Your task: For this task, extract exactly the lines of the data below, from the line containing "只能针对单个具体 IP,或者所有 IP(0.0.0.0)。" through the last one, with pictures left out.

Source material:

• • • • •

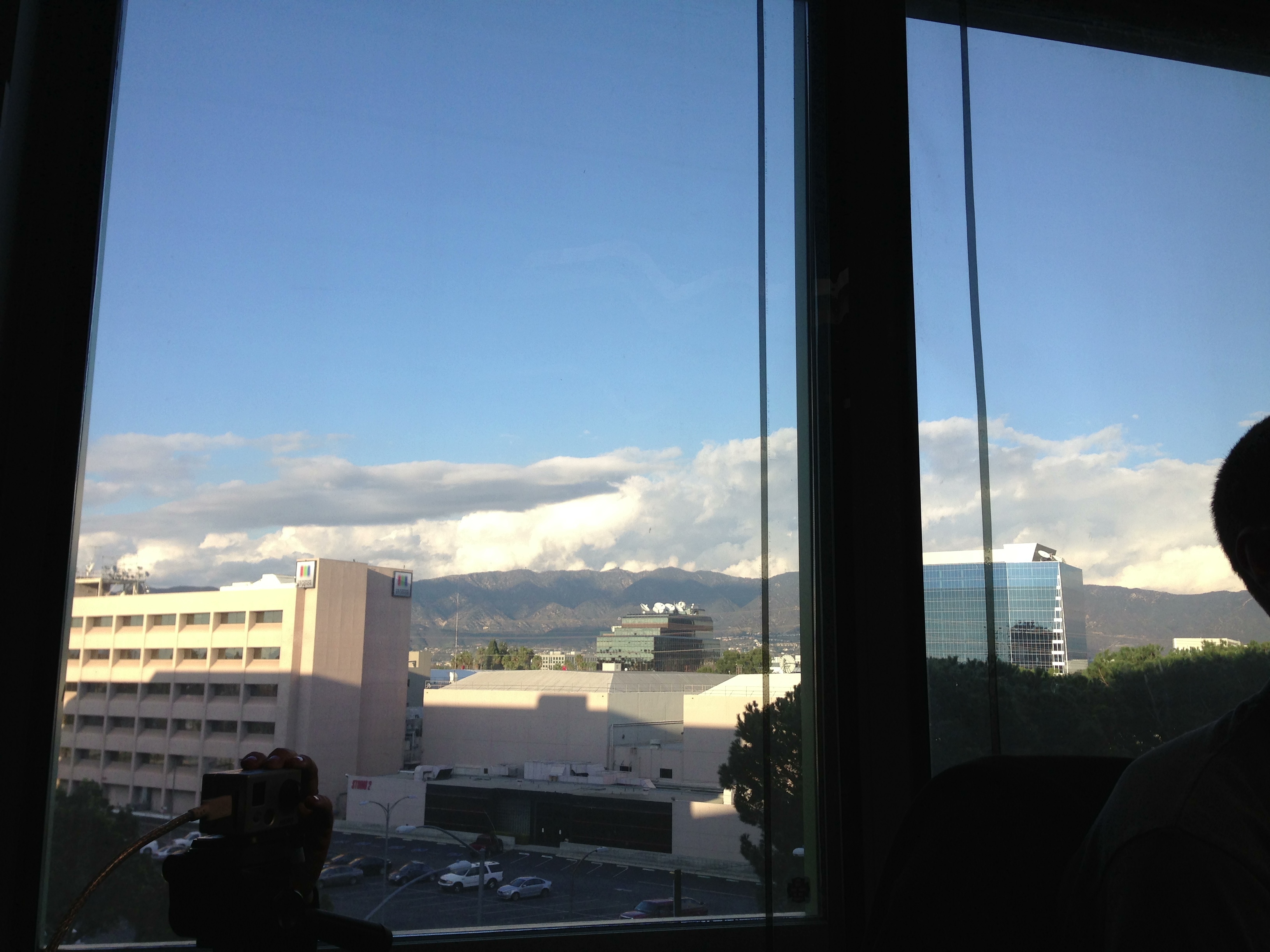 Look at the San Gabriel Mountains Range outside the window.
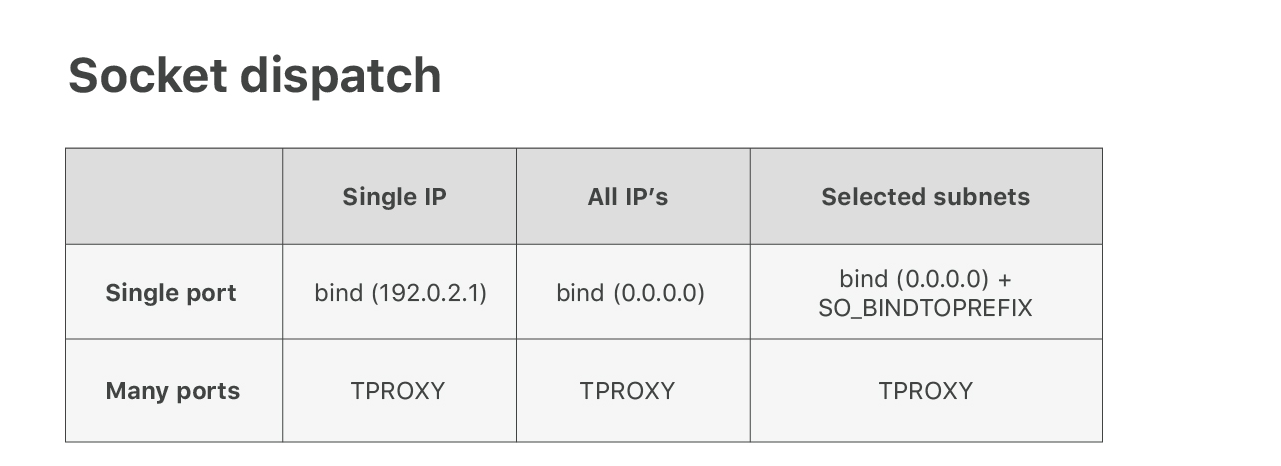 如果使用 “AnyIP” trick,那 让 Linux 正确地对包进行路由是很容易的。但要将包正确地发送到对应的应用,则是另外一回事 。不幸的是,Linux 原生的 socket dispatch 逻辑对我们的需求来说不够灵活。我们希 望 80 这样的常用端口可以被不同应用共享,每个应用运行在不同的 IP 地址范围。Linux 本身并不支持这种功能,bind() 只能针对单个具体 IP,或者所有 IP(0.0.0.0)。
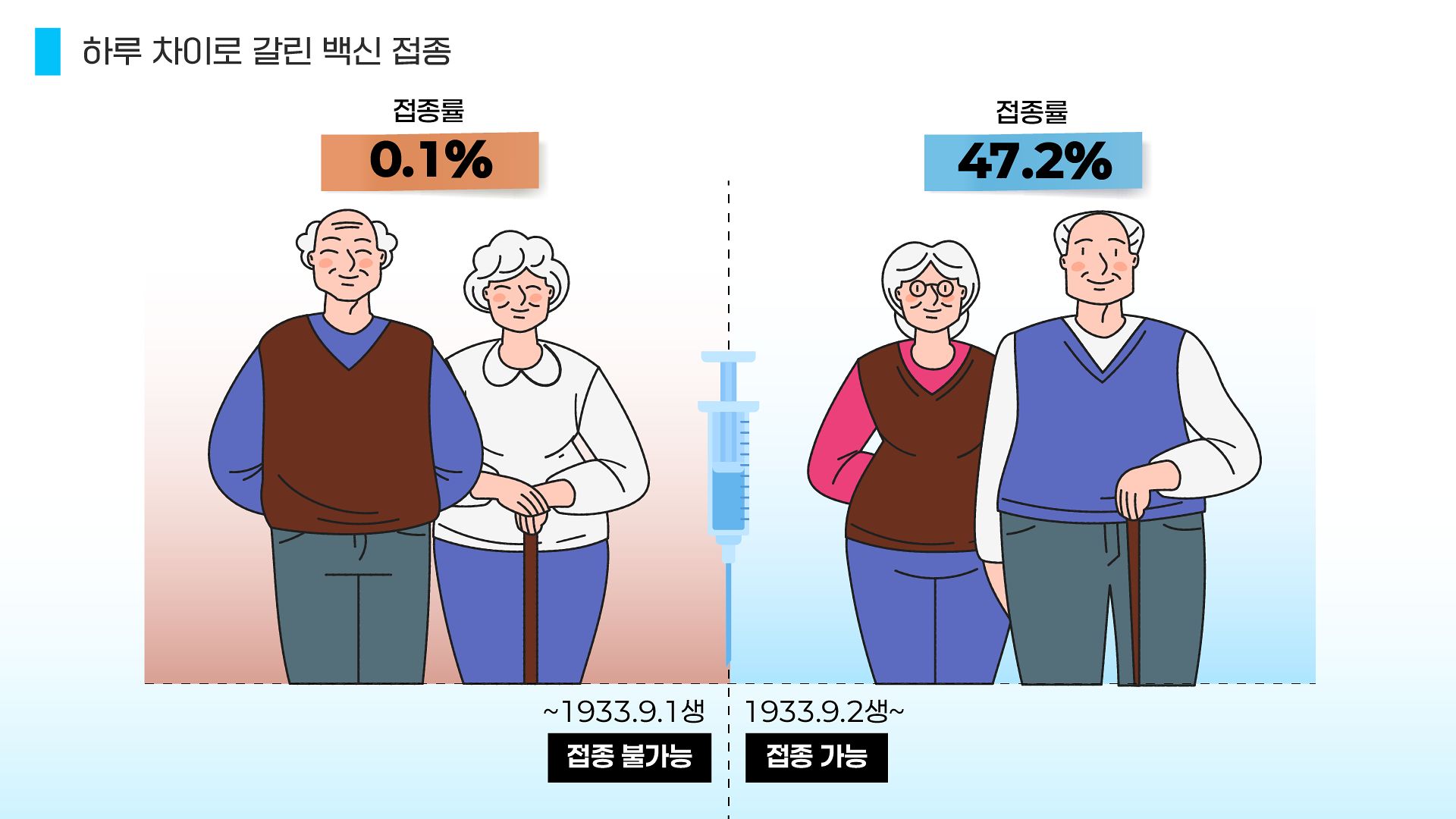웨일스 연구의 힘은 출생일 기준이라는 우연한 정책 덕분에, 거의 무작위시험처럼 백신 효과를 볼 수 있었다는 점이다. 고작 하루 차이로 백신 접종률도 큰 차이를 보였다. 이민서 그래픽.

• • • • •

Answer to this task:
 如果使用 “AnyIP” trick,那 让 Linux 正确地对包进行路由是很容易的。但要将包正确地发送到对应的应用,则是另外一回事 。不幸的是,Linux 原生的 socket dispatch 逻辑对我们的需求来说不够灵活。我们希 望 80 这样的常用端口可以被不同应用共享,每个应用运行在不同的 IP 地址范围。Linux 本身并不支持这种功能,bind() 只能针对单个具体 IP,或者所有 IP(0.0.0.0)。
웨일스 연구의 힘은 출생일 기준이라는 우연한 정책 덕분에, 거의 무작위시험처럼 백신 효과를 볼 수 있었다는 점이다. 고작 하루 차이로 백신 접종률도 큰 차이를 보였다. 이민서 그래픽.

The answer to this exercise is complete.